───── GIVEN RECORDS

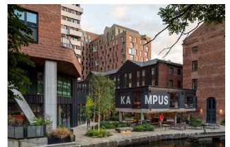
Kampus, Manchester, UK
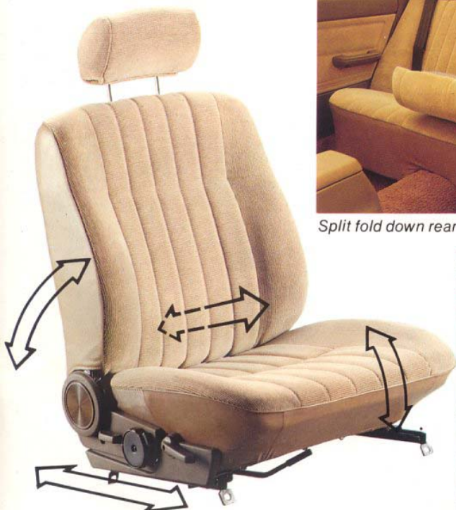
Four way adjustable drivers seat — All models
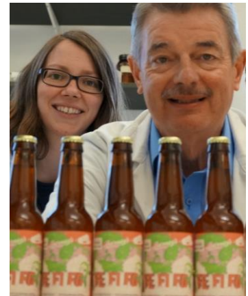
Legume beer brewing experiments in the lab.
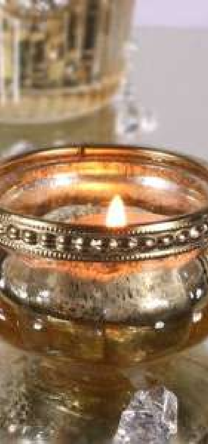
Bubble tea light holder
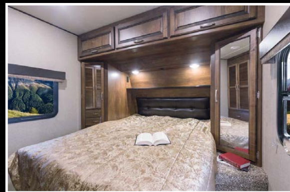
Residential Master Suite (297RSTS Shown)
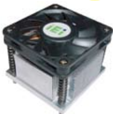
86W CF-479A-RS High Performance Socket-479 Pentium M CPU Cooler, RoHS
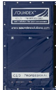
C2/3 - SOUNDEX® Professional Acoustic Curtain

A unique product that was developed in conjunction with the London Underground to the extremely stringent BS 6853:1999 fire standard.
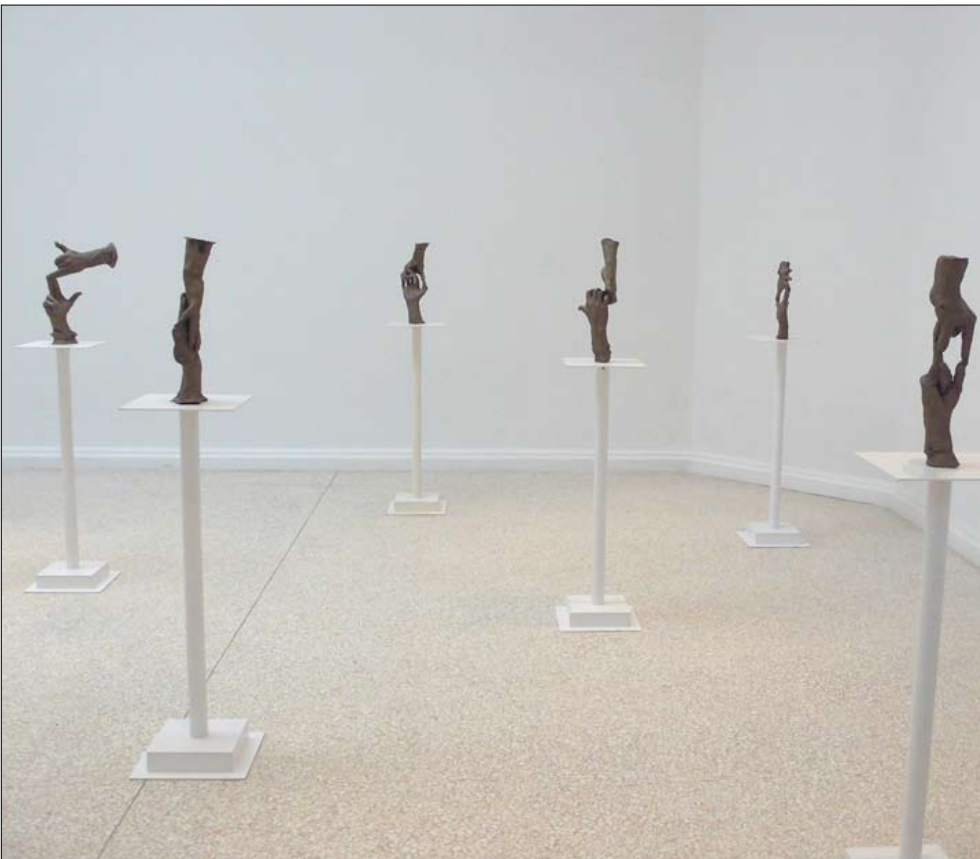
Bruce Nauman's Fifteen Pairs of Hands (1996) at the American Pavilion in the Giardini.
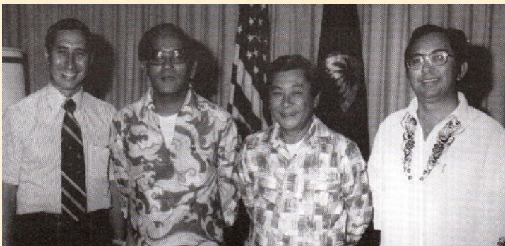
From left to right: Kurt Moylan, Ricardo Bordallo, Carlos Camacho and Rudolph "Rudy" Sablan.

Governor Camacho's Visit to Vietnam, 1970. Governor Camacho, dressed in a Green Beret uniform, rides a tank during his Christmas visit to Vietnam to visit Guam military members.
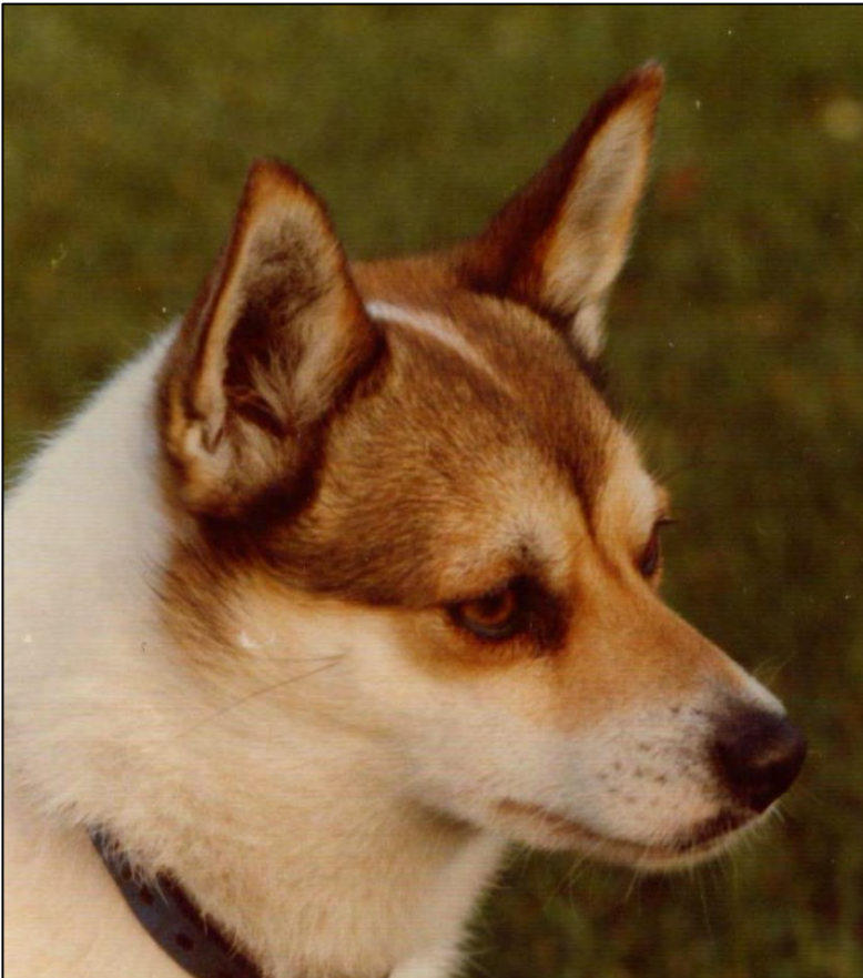
Fig. 17. A feminine head of excellent type.
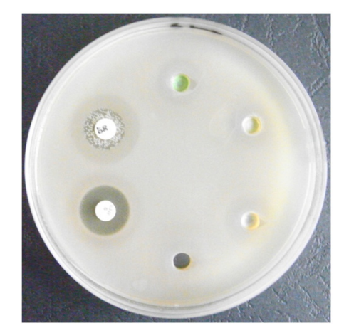
Figure 2. Total resistance of sample 6 to Cu-based products and two wide-spectrum antibiotics
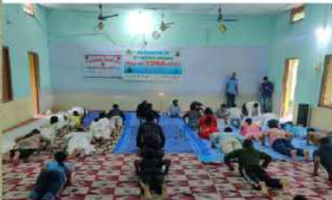
Observation of International Yoga Day
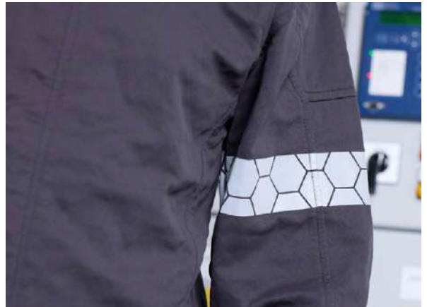
Lightweight GORE-TEX® fabric technology
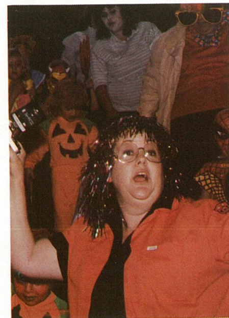
The elementary students have fun during Halloween. It seemed as though everything was orange and black during these times.
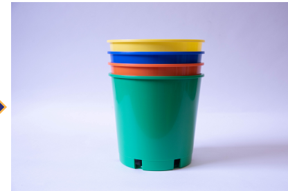
2. Lay buckets with bean bags on their side in the bag.

──────────

**WORK INSTRUCTION**
In the listing above, find the line with "Figure 2. Total" and the line with "The elementary students". Copy exactly those two and every line between, without the pictures.

**EXPECTED OUTPUT**
Figure 2. Total resistance of sample 6 to Cu-based products and two wide-spectrum antibiotics
Observation of International Yoga Day
Lightweight GORE-TEX® fabric technology
The elementary students have fun during Halloween. It seemed as though everything was orange and black during these times.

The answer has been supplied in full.